Он показал себя таким на самом первом своем деле: на разоружении анархистов в Москве. Он командовал отрядом красногвардейцев и красноармейцев в одном из переулков Арбата, против особняка, где засели анархисты. Анархисты, однако, расположились почти по всему кварталу в домах и стреляли, казалось, отовсюду. Операция происходила ночью. Перестрелка, хотя и энергичная, не приводила ни к каким результатам. Тогда он, не предупреждая никого (дело было под утро, когда начинало чуть брезжить), неся впереди себя два маузера, направленных дулами на особняк, отчеканивая бодрый военный шаг по асфальтовой мостовой, двинулся один к особняку, скомандовав предварительно своему отряду прекратить стрельбу. Он шел под градом пулеметного и ружейного огня анархистов, оставаясь невредим, будто заколдованный. Подойдя ближе к дому, крикнул: «Эй, вы, трусы, выходи, поговорим по-товарищески!» Из ворот особняка вышли двое анархистов. У каждого по два маузера, направленных в храбреца. Они долго кричали, стоя на месте, ему, чтобы опустил он оружие, угрожали стрелять и требовали не подходить к ним близко. Но храбрец, обозвав их еще раз трусами, смело подошел к ним вплотную и заявил, что хочет говорить. Они его попросили зайти с ними в особняк… Он, крикнув своим через улицу последнее приказание — «не стрелять», — скрылся с анархистами в их штаб. Через полчаса он возвратился к своему отряду, веселый и победный: анархисты согласились на его уговор сдаться (он запугал их, что откроет орудийный огонь и похоронит их всех под обломками, чего, разумеется, он сделать никак бы не мог, так как у него не только не было орудий, но и пара пулеметов давно уже не могла работать за отсутствием лент). В других операциях он отличался такой же храбростью. Но и пересаливал. Так, во время борьбы с бандами Антонова в Тамбовской губернии он перед расстрелом выжигал у бандитов на лбу пятиперстную звезду. За это он был судим и приговорен к расстрелу. Но, приняв во внимание все то объективно полезное, что он сделал для Советской власти, суд смягчил ему наказание, заменив расстрел пожизненным заключением. Внеочередные, очередные, праздничные, предпраздничные и послепраздничные амнистии через какие-нибудь полгода сделали его свободным. С тех пор он пошел по гражданской службе.

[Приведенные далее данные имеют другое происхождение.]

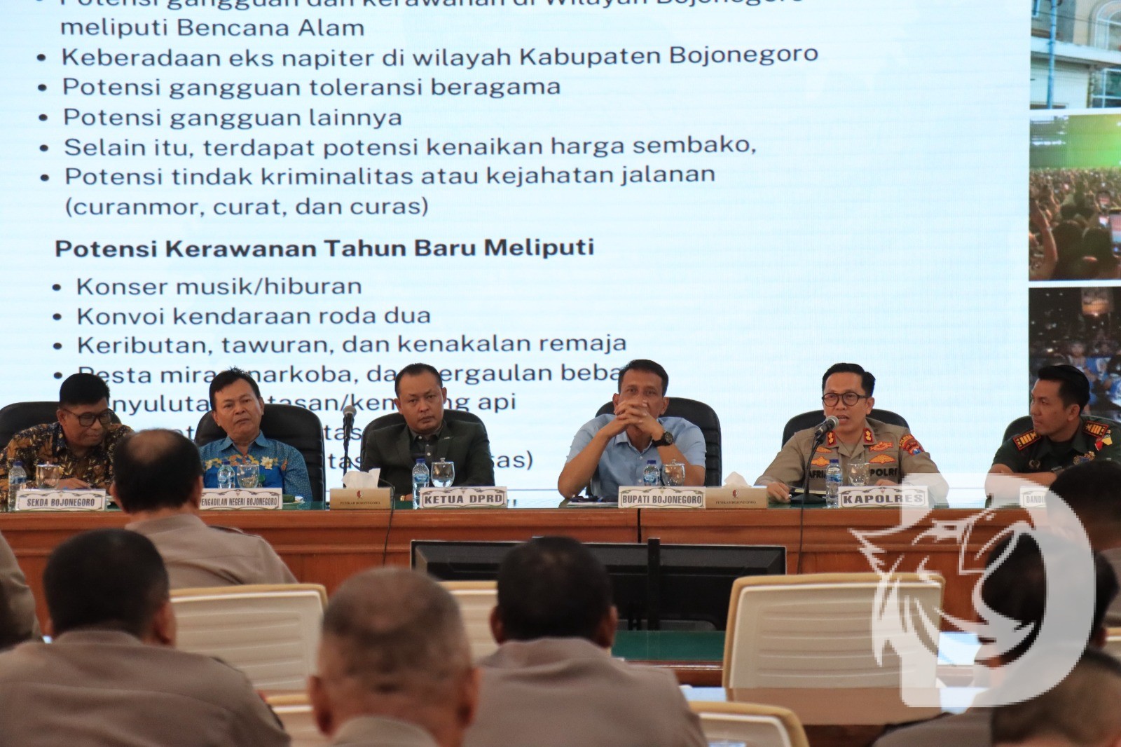 Kapolres Bojonegoro AKBP Afrian Satya Permadi menjelaskan bahwa rapat koordinasi tersebut merupakan bagian dari upaya bersama untuk menyatukan persepsi sekaligus menyelaraskan langkah antarinstansi.
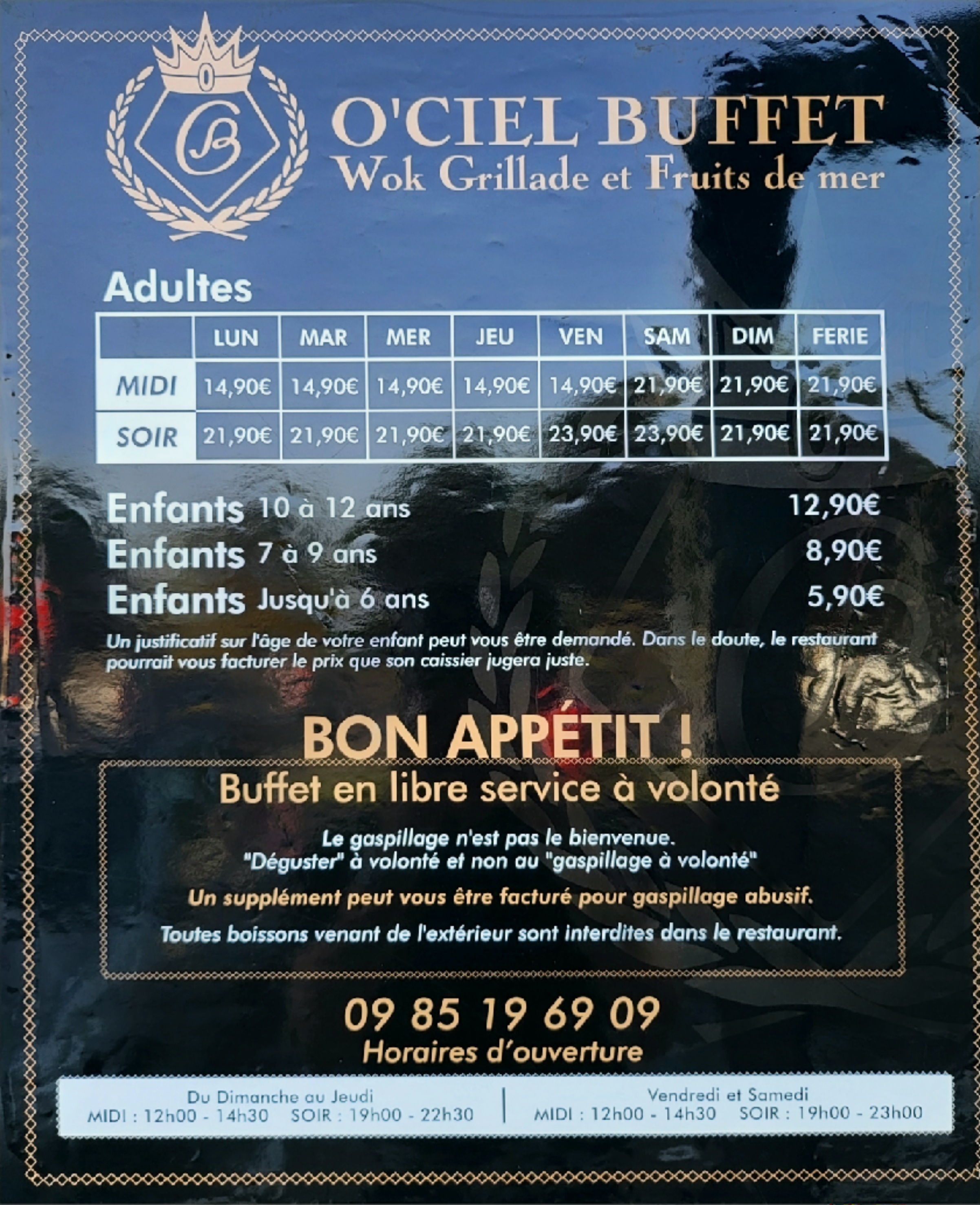 Bonjour, merci pour votre commentaire, cependant je ne peux vous laisse un tel commentaire sans vous répondre. Ce serait une insultes à tous ceux qui nous ont donné 5 étoiles. Vous trouvez que 23,90 c'est chère ? Est-ce que c'est normal pour vos clients d'attendent 20 minutes un entré, 20 minutes le plat et 20 minute pour un dessert et encore 20 minutes pour régler la note dans vos restaurant de viande (la boucherie??) Chez nous pour 23,9€ vous avez des Huître à volonté, côte de beauf à volonté, saumon à volonté, crevettes gambas à volonté, du gigot à volonté, un chef wok qui cuisine des plats sur mesure, les macarons à volonté, un large choix de charcuterie, et un large choix de fromages. Si dans vos restaurants je prends un entré, un plat, un dessert(sûrement en surgelés mais contrairement à nous m, mvous n'informez pas à vos clients.) Je suis sûr que je vais payer 30-40 euros. Alors que à O'ciel Buffet tout est à volonté pour 23,9. Vous avez dit que pour 8 euros de moins, on trouve la même qualité dans des restaurants pas loin. Donc 23,9-8=15,9€ ????? Un buffet à 15,9euros? Il est où ce restaurant ? J'aimerais bien avoir son adresse pour aller comparer un peu. J'espère que vous n'avez pas menti pour avoir raison sur votre commentaire car vous avez dit que vous allez souvent aux restaurant buffet. Au vu de la situation actuelle du prix d'essence, j'espère que vous êtes assez futé de ne pas dépenser 20 euros d'essence pour aller manger un restaurant 8 euros moins cher en week-end et 6 euros moins cher dans la semaine. Info bonus à midi chez nous c'est 14,9€ donc 14,9-8= 6,9euros un buffet à midi ? Pour fini, contrairement à vos restaurants de viande qui sont une chaîne de restaurant et qui pense que aux rendements et delaisse les clients car vous employez moins de personnelles possible et qui gâchis l'expérience avec un attend interminable. Nous sommes independant et nous justifions notre prix par la qualité des produits , la qualité des services, la rapidité et la variété des choix. Je vous remercie quand même pour votre visite. même si votre commentaire est peu solide Cordialement

По удостоверению, которое он имел на предмет квартирной платы, это был юрисконсульт какого-то хозяйственного учреждения. По вопросу о неуплотнении его — он был инструктором кружка физкультуры при районном Совете. На предмет подоходного налога он служил курьером в каком-то кооперативе. Для общегражданского спокойствия состоял членом профессионального союза работников искусств (Всерабиса). И наконец, в целях репутации он имел внушительную пачечку мандатов, сшитых в одну тетрадку, оставшихся у него после службы в Красной Армии, главным образом, по усмирениям банд кулацко-крестьянских. Но так как всякий человек должен есть (физиолог Павлов утверждает, что это самый сильный инстинкт, сильнее страха потерять свою собственную жизнь), то этот веселый мужчина занимался спекуляцией на черной бирже и, кроме того, время от времени выступал в судах, как член коллегии правозаступников. Но и это ремесло не приносило ему столько, сколько нужно для того, чтобы быть непрерывно веселым. У этого человека в запасе была все же ставка, и крупная ставка, на одно отчаянное дело.
Это-то последнее и толкнуло его на завязывание дружбы с Кропило. Как-никак, а ведь художник-то — бывший эмигрант, и у него могли быть связи.
Когда он перед Кропило развивал самые советские идеи и называл себя беспаспортным большевиком и воином Советской власти — он был очень искренен и говорил почти правду (ведь в жизни нет чистой правды, как нет чистого золота: в жизни она всегда с лигатурой!).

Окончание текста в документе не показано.